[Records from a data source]

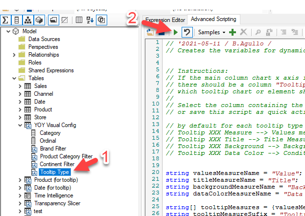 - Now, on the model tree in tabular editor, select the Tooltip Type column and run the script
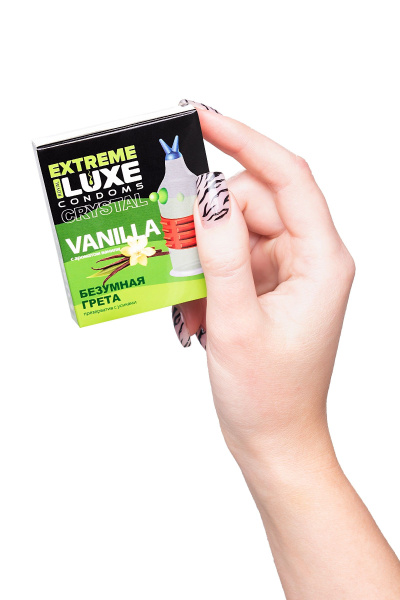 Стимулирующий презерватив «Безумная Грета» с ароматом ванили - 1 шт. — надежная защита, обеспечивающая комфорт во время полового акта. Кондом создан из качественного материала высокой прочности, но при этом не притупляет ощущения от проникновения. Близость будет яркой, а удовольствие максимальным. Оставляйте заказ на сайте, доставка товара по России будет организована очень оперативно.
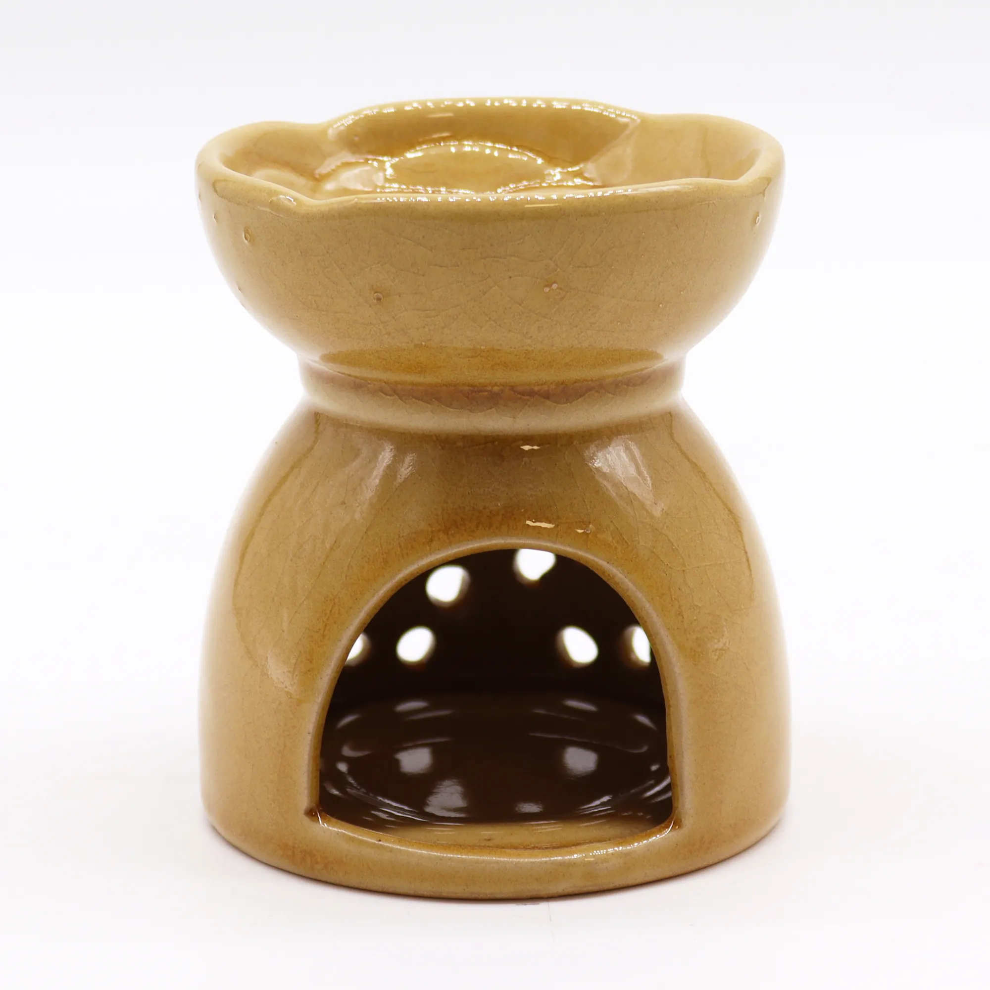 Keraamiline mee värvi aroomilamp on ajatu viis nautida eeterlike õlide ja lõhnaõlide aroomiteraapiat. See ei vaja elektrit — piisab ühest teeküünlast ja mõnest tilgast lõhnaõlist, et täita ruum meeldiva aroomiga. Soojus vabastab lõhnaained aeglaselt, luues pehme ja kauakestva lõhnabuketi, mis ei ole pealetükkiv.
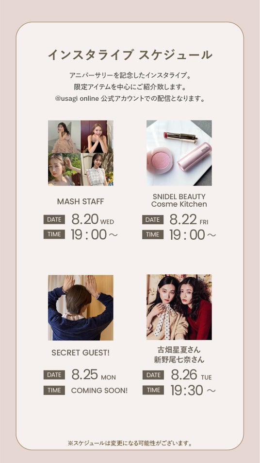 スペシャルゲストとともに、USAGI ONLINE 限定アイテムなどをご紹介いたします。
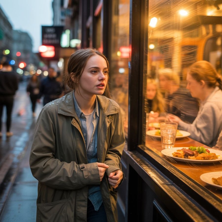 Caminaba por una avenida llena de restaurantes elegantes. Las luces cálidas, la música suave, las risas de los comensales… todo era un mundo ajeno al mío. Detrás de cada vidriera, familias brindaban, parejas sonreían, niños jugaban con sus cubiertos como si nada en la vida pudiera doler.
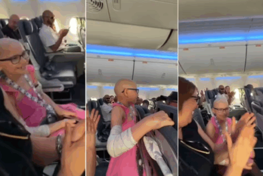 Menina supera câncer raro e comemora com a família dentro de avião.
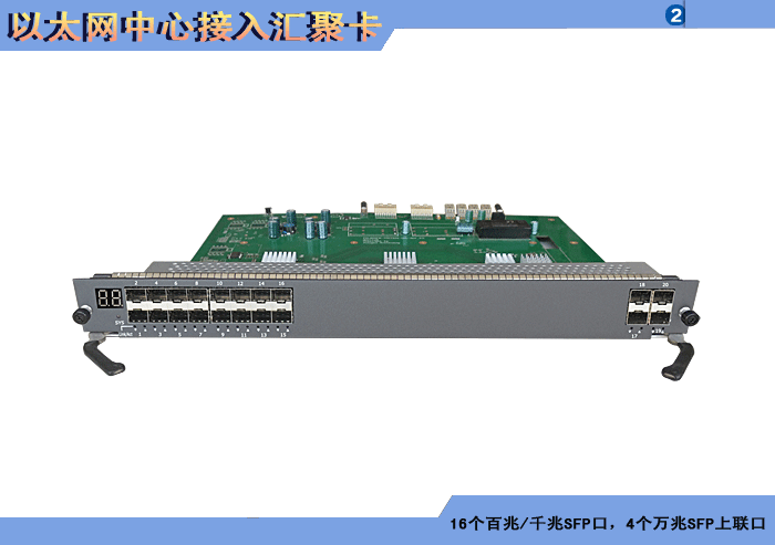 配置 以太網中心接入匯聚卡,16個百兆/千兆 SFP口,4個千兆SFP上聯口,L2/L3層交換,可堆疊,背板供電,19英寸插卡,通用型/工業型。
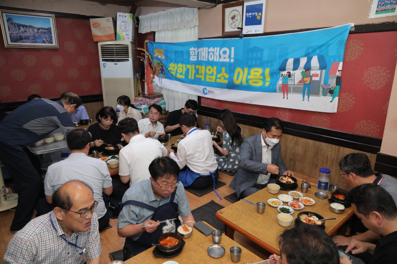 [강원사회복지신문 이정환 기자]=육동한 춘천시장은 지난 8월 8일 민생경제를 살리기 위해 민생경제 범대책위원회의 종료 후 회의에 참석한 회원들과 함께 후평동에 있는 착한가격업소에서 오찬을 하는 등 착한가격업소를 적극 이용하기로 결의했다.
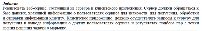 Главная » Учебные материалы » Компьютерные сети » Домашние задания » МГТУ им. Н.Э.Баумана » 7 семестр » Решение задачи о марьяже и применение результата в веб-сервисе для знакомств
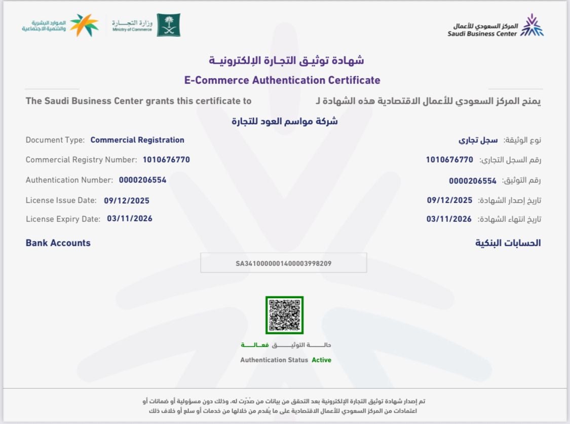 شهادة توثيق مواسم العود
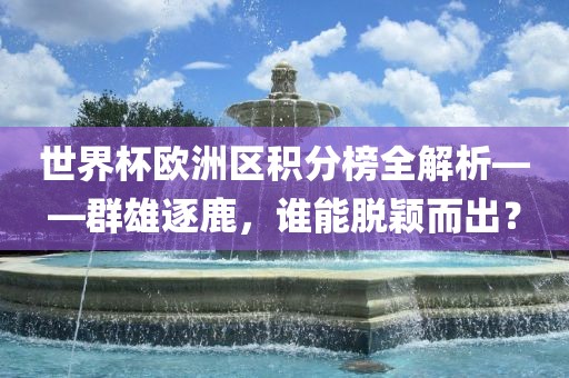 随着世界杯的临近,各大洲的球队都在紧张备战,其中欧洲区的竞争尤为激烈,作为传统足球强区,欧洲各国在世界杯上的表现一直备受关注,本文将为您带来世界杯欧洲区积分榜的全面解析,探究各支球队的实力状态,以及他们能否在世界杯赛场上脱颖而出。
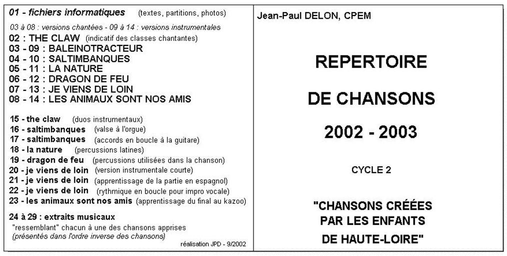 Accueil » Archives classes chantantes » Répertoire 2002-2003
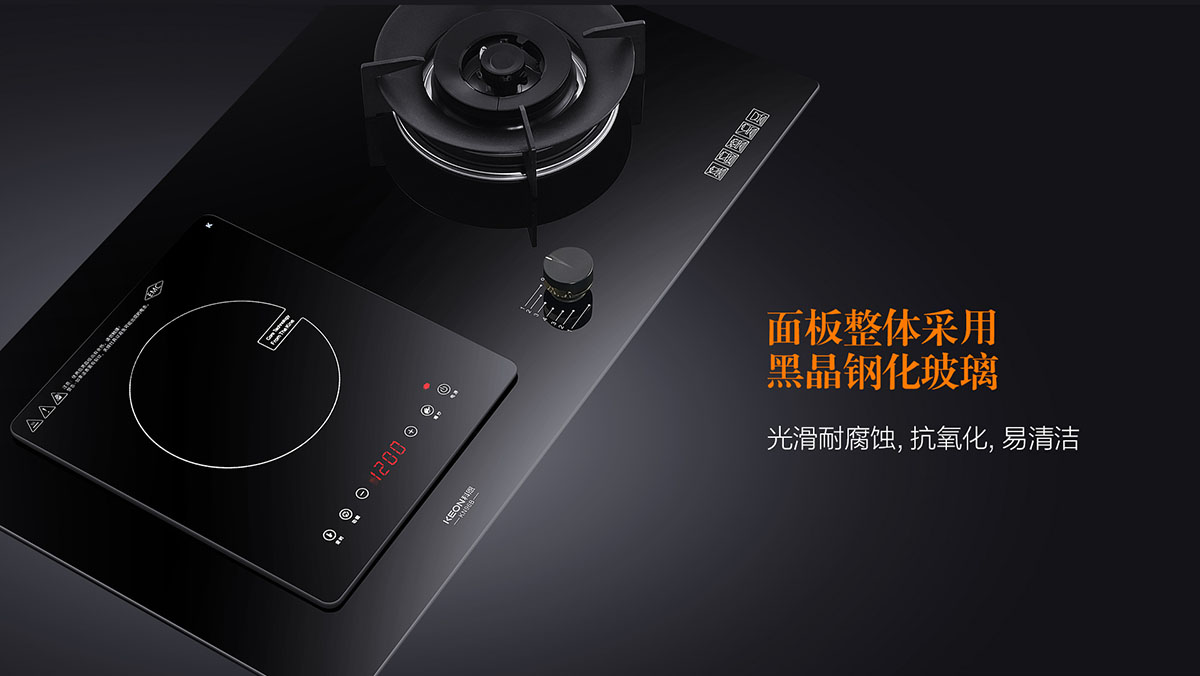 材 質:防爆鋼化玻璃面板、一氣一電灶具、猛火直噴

## About this task:
Output each line exactly as shown above; no pictures go in the copy.

## Final answer:
 - Now, on the model tree in tabular editor, select the Tooltip Type column and run the script
 Стимулирующий презерватив «Безумная Грета» с ароматом ванили - 1 шт. — надежная защита, обеспечивающая комфорт во время полового акта. Кондом создан из качественного материала высокой прочности, но при этом не притупляет ощущения от проникновения. Близость будет яркой, а удовольствие максимальным. Оставляйте заказ на сайте, доставка товара по России будет организована очень оперативно.
 Keraamiline mee värvi aroomilamp on ajatu viis nautida eeterlike õlide ja lõhnaõlide aroomiteraapiat. See ei vaja elektrit — piisab ühest teeküünlast ja mõnest tilgast lõhnaõlist, et täita ruum meeldiva aroomiga. Soojus vabastab lõhnaained aeglaselt, luues pehme ja kauakestva lõhnabuketi, mis ei ole pealetükkiv.
 スペシャルゲストとともに、USAGI ONLINE 限定アイテムなどをご紹介いたします。
 Caminaba por una avenida llena de restaurantes elegantes. Las luces cálidas, la música suave, las risas de los comensales… todo era un mundo ajeno al mío. Detrás de cada vidriera, familias brindaban, parejas sonreían, niños jugaban con sus cubiertos como si nada en la vida pudiera doler.
 Menina supera câncer raro e comemora com a família dentro de avião.
 配置 以太網中心接入匯聚卡,16個百兆/千兆 SFP口,4個千兆SFP上聯口,L2/L3層交換,可堆疊,背板供電,19英寸插卡,通用型/工業型。
 [강원사회복지신문 이정환 기자]=육동한 춘천시장은 지난 8월 8일 민생경제를 살리기 위해 민생경제 범대책위원회의 종료 후 회의에 참석한 회원들과 함께 후평동에 있는 착한가격업소에서 오찬을 하는 등 착한가격업소를 적극 이용하기로 결의했다.
 Главная » Учебные материалы » Компьютерные сети » Домашние задания » МГТУ им. Н.Э.Баумана » 7 семестр » Решение задачи о марьяже и применение результата в веб-сервисе для знакомств
 شهادة توثيق مواسم العود
 随着世界杯的临近,各大洲的球队都在紧张备战,其中欧洲区的竞争尤为激烈,作为传统足球强区,欧洲各国在世界杯上的表现一直备受关注,本文将为您带来世界杯欧洲区积分榜的全面解析,探究各支球队的实力状态,以及他们能否在世界杯赛场上脱颖而出。
 Accueil » Archives classes chantantes » Répertoire 2002-2003
 材 質:防爆鋼化玻璃面板、一氣一電灶具、猛火直噴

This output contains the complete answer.